▶ **ASSIGNMENT**:
Below is a listing; retype exactly the lines between the one containing "湿気に強いシリコーンパッキン付きオシャレ" and the one containing "Data flow in", inclusive, minus the pictures.

▶ **DATA FOR REVIEW**:
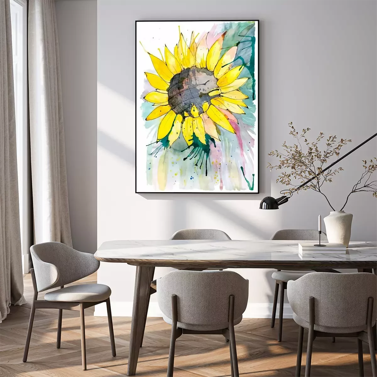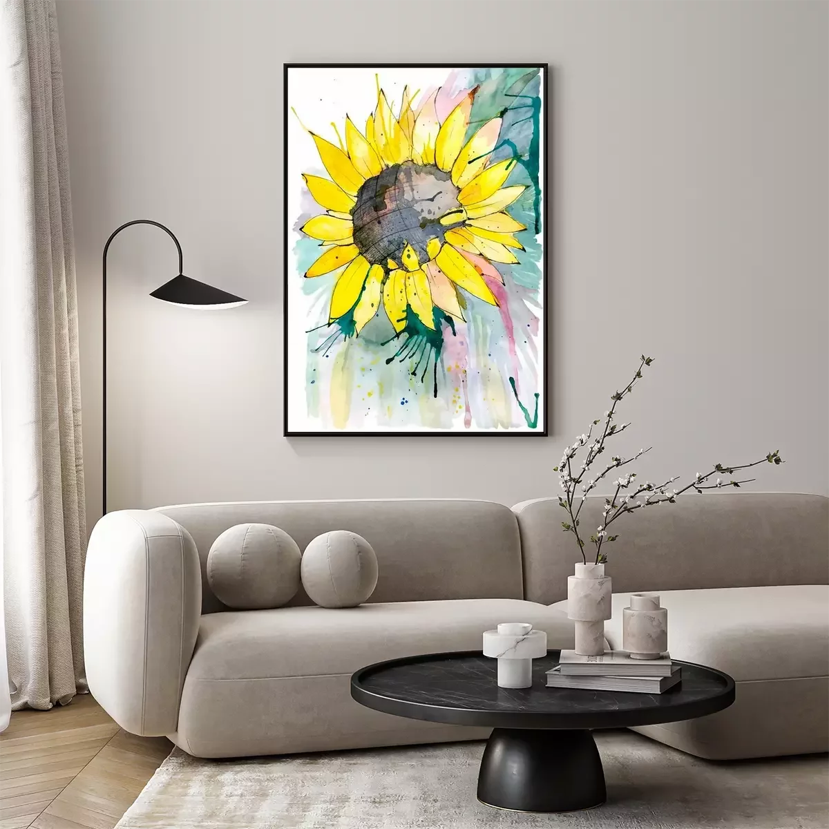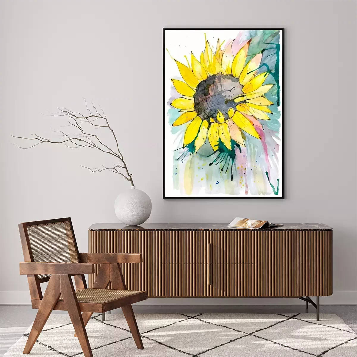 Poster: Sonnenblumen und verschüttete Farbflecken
==
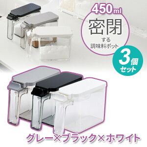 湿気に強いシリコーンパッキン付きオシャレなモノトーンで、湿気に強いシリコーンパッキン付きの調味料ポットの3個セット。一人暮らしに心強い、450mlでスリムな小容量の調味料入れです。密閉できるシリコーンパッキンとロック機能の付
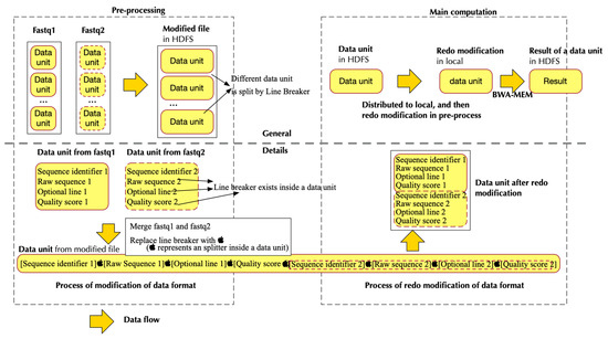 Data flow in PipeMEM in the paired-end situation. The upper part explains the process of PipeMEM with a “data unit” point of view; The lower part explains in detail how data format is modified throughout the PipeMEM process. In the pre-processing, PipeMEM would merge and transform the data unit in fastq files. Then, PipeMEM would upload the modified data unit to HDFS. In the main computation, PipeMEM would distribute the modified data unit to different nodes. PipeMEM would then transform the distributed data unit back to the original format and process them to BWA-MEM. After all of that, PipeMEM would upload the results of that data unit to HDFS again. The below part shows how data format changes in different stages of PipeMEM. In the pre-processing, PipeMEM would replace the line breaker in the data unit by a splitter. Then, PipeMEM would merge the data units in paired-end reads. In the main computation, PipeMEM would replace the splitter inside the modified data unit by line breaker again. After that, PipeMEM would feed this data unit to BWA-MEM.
==
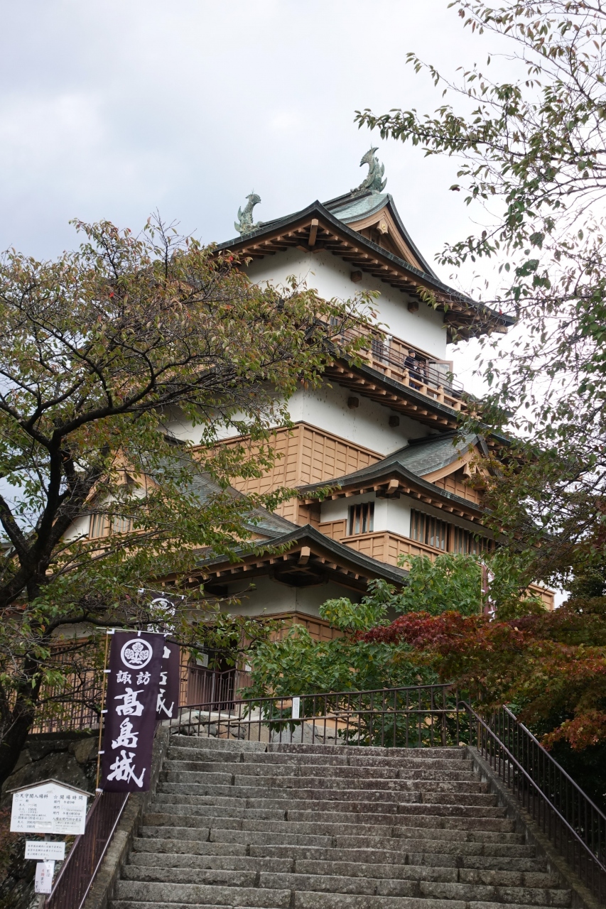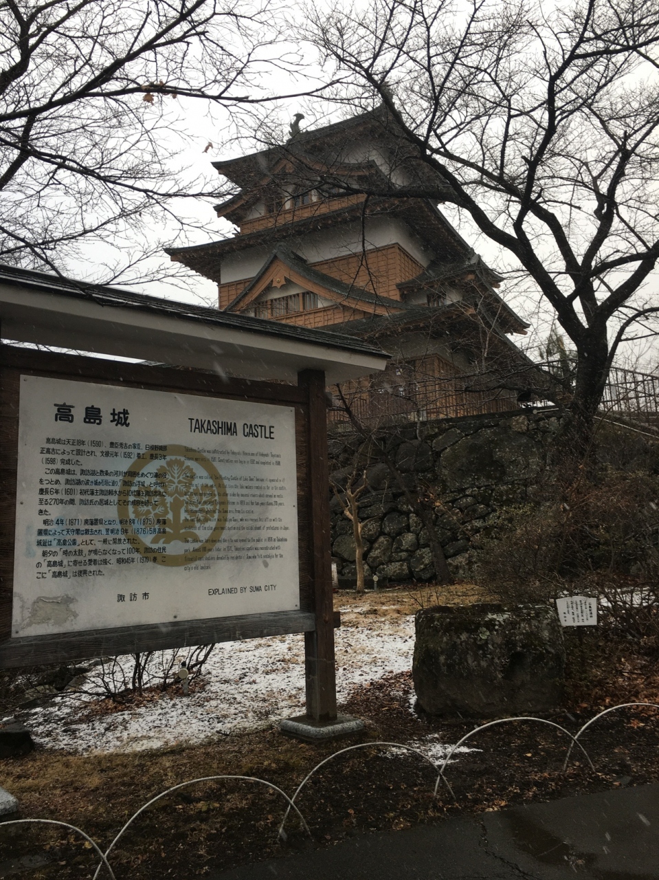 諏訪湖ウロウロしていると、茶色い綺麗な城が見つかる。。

▶ **SOLUTION TO THE EXERCISE**:
 湿気に強いシリコーンパッキン付きオシャレなモノトーンで、湿気に強いシリコーンパッキン付きの調味料ポットの3個セット。一人暮らしに心強い、450mlでスリムな小容量の調味料入れです。密閉できるシリコーンパッキンとロック機能の付
 Data flow in PipeMEM in the paired-end situation. The upper part explains the process of PipeMEM with a “data unit” point of view; The lower part explains in detail how data format is modified throughout the PipeMEM process. In the pre-processing, PipeMEM would merge and transform the data unit in fastq files. Then, PipeMEM would upload the modified data unit to HDFS. In the main computation, PipeMEM would distribute the modified data unit to different nodes. PipeMEM would then transform the distributed data unit back to the original format and process them to BWA-MEM. After all of that, PipeMEM would upload the results of that data unit to HDFS again. The below part shows how data format changes in different stages of PipeMEM. In the pre-processing, PipeMEM would replace the line breaker in the data unit by a splitter. Then, PipeMEM would merge the data units in paired-end reads. In the main computation, PipeMEM would replace the splitter inside the modified data unit by line breaker again. After that, PipeMEM would feed this data unit to BWA-MEM.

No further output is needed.